Volkswagen Group Africa has sounded a warning to government saying that this year is make or break for them when it comes to foreign investment. When Volkswagen Group Africa (VWGA) chairperson and managing director Martina Biene wrote directly to President Cyril Ramaphosa just before Christmas, it was an attempt to inject urgency into a process that she says has been dragging on for too long, with very real consequences for South Africa’s automotive future. “I wrote a letter to the President prior to Christmas,” Biene said at the annual VW Media Indaba at the company’s plant in Kariega.
“I mainly outlined that for us as VWGA, this year is crucial for getting an investment decision from VW head office for the next project that’s on the way.” Essentially, she asked for clarity.
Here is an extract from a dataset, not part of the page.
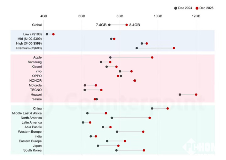 据CounterPoint Research提供的数据袒露,2025年12月的民众手机阛阓平均内存达到了8.4GB RAM,比拟2024年同期的7.8GB RAM提高了0.6GB RAM,创造了手机平均内存的新高。

Not only for the economics of future projects, but also on whether South Africa’s policy environment is moving in the right direction to justify long-term capital investment. “For getting this investment decision, they look at the economics and the business case,” she said, “but also, headquarters look at what happens in this country.
And another non-negotiable they stressed is that we need to see some improvement in South African policies. “You might have a business case,” Biene warned, “but there are better business cases elsewhere because we don’t know whether that is a sustainable way to spend money.” Volkswagen Group Africa chairperson and managing director Martina Biene says her letter to President Cyril Ramaphosa remains unanswered.